Reread again differently: truth’s argument and methods
Methods to persuade
Tell students that today they are going to take a closer look at methods Truth uses to build her argument and persuade her audience. Explain to students that when people speak to persuade, not only do they think about what they’re going to say, but they also think about how they’re going to say. They consider their argument and audience, and try to figure out how to build and support their arguments in ways that are persuasive for their audiences. The strategies they use are their methods.

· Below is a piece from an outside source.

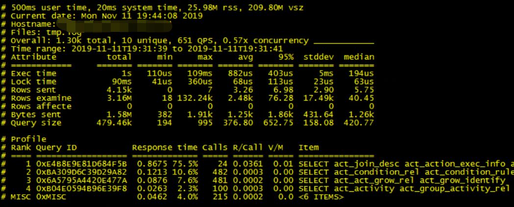 当时我是临时开启了参数log_queries_not_using_indexes,得到了一些补充的慢日志信息,然后快速关闭,拿pt工具做了下分析,很快得到了一个简单的报告内容:

Methods may include such things as: the use and placement of reasons, claims,&rebuttals to counterarguments; the use of analogies, metaphors, case studies, quotations, facts, etc. to support reasons and opinions; loaded words; repetition of key phrases; appeals to logic, emotions, or ethics; rhetorical questions; etc. The speaker’s purpose for using certain methods might be to establish credibility, grab the reader’s attention, appeal to the reader’s sense of sympathy or pride, cause the reader to stop and think, shock the reader, etc.